> [Items listed in a dataset]
* * * *
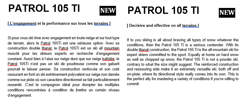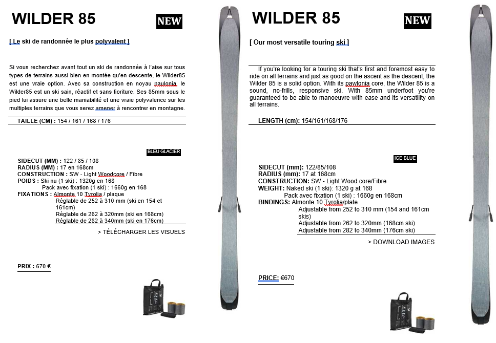 DECATHLON’s ski brand Wed’ze launched their 40-page Autumn-Winter 24/25 lookbook with their newest collection of skis, including downhill, freeride, freestyle, all-mountain and touring skis. These were aimed at not only different types of skiing, but different levels of skiers. This project involved translating their descriptions and technical specifications for an English-speaking market.
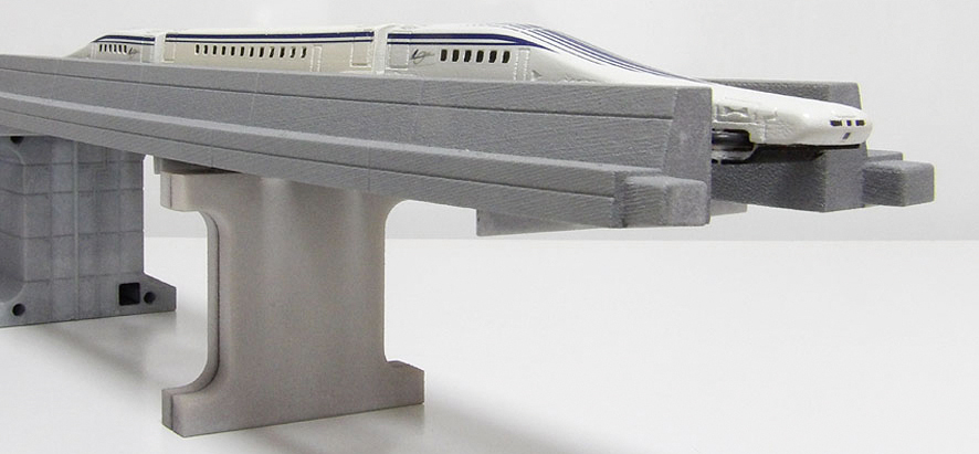 車両の浮上を実感する、底部が解放された高架型軌道。鉄道模型レイ アウトやジオラマに立体交差として組み込めます。
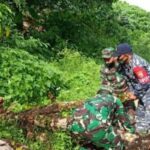 Sigap, TNI-Polri Bersihkan Pohon Tumbang di Jalan Desa Kaana Kecamatan Enggano
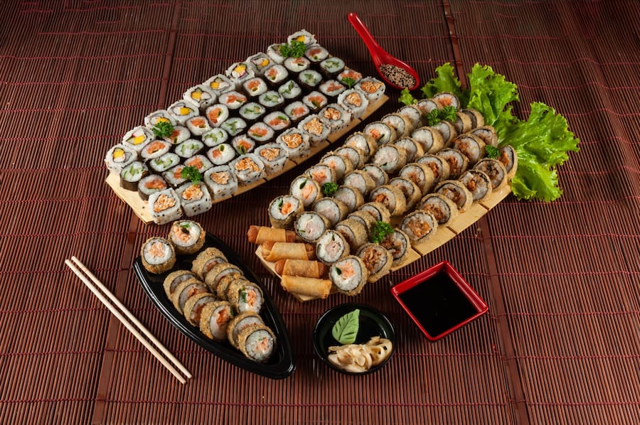 4 sushis salmão4 sashimis salmão 5 joy joy Philadelphia com arroz12 roll Philadelphia 12 hot skin12 hot Philadelphia
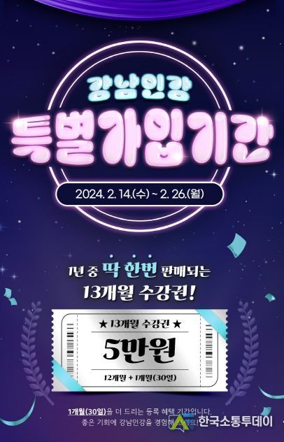 한국소통투데이 관리자 기자 | 꿈이 모이는 도시, 미래를 그리는 강남구 새 학기를 맞아 2월 14일부터 26일까지 강남인강 특별 가입 이벤트를 실시한다. 전 과목 수강권에 수강 기간을 1개월 더 추가해 총 13개월을 이용할 수 있는 혜택이다.
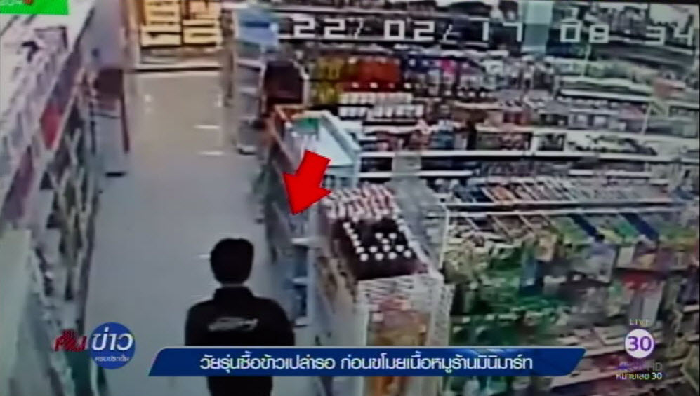 น.ส.อัญจริยา เปิดเผยว่า จากภาพวงจรปิดภายในร้านดังกล่าว เผยให้เห็นชายวัยรุ่นคนแรก ทำทีเดินเลือกซื้อของอยู่ภายในร้าน นานพอสมควร จนคิดว่าพนักงานในร้านเผลอ เดินไปที่ตู้แช่อาหารสด และหยิบเอาเนื้อหมูสดแบบแพ็กสำเร็จ น้ำหนักประมาณครึ่งกิโลกรัม ซุกไว้ในเสื้อที่ชายวัยรุ่นสวมใส่อยู่ ก่อนจะรีบเดินออกนอกร้าน แต่ขณะเดียวกันพนักงานของทางร้าน ได้ติดตามดูพฤติกรรมผ่านกล้องวงจรปิดที่ติดตั้งไว้ทั่วทั้งร้าน จึงได้เดินออกมาดักที่ประตูทางออก และขอตรวจค้น แต่ชายวัยรุ่นกลับต่อสู้ขัดขืน และสะบัดตัวหลุดวิ่งหนีขึ้นรถจักรยานยนต์ ที่มีวัยรุ่นชายหญิงอีก 2 คน ที่ไปซื้อข้าวเปล่ามาไว้รอที่รถ และติดเครื่องรออยู่ ขับขี่หลบหนีไป
* * * *
> [ASSIGNED TASK] In your copy, include no pictures; print every line above exactly.

> [RESPONSE AREA]
 DECATHLON’s ski brand Wed’ze launched their 40-page Autumn-Winter 24/25 lookbook with their newest collection of skis, including downhill, freeride, freestyle, all-mountain and touring skis. These were aimed at not only different types of skiing, but different levels of skiers. This project involved translating their descriptions and technical specifications for an English-speaking market.
 車両の浮上を実感する、底部が解放された高架型軌道。鉄道模型レイ アウトやジオラマに立体交差として組み込めます。
 Sigap, TNI-Polri Bersihkan Pohon Tumbang di Jalan Desa Kaana Kecamatan Enggano
 4 sushis salmão4 sashimis salmão 5 joy joy Philadelphia com arroz12 roll Philadelphia 12 hot skin12 hot Philadelphia
 한국소통투데이 관리자 기자 | 꿈이 모이는 도시, 미래를 그리는 강남구 새 학기를 맞아 2월 14일부터 26일까지 강남인강 특별 가입 이벤트를 실시한다. 전 과목 수강권에 수강 기간을 1개월 더 추가해 총 13개월을 이용할 수 있는 혜택이다.
 น.ส.อัญจริยา เปิดเผยว่า จากภาพวงจรปิดภายในร้านดังกล่าว เผยให้เห็นชายวัยรุ่นคนแรก ทำทีเดินเลือกซื้อของอยู่ภายในร้าน นานพอสมควร จนคิดว่าพนักงานในร้านเผลอ เดินไปที่ตู้แช่อาหารสด และหยิบเอาเนื้อหมูสดแบบแพ็กสำเร็จ น้ำหนักประมาณครึ่งกิโลกรัม ซุกไว้ในเสื้อที่ชายวัยรุ่นสวมใส่อยู่ ก่อนจะรีบเดินออกนอกร้าน แต่ขณะเดียวกันพนักงานของทางร้าน ได้ติดตามดูพฤติกรรมผ่านกล้องวงจรปิดที่ติดตั้งไว้ทั่วทั้งร้าน จึงได้เดินออกมาดักที่ประตูทางออก และขอตรวจค้น แต่ชายวัยรุ่นกลับต่อสู้ขัดขืน และสะบัดตัวหลุดวิ่งหนีขึ้นรถจักรยานยนต์ ที่มีวัยรุ่นชายหญิงอีก 2 คน ที่ไปซื้อข้าวเปล่ามาไว้รอที่รถ และติดเครื่องรออยู่ ขับขี่หลบหนีไป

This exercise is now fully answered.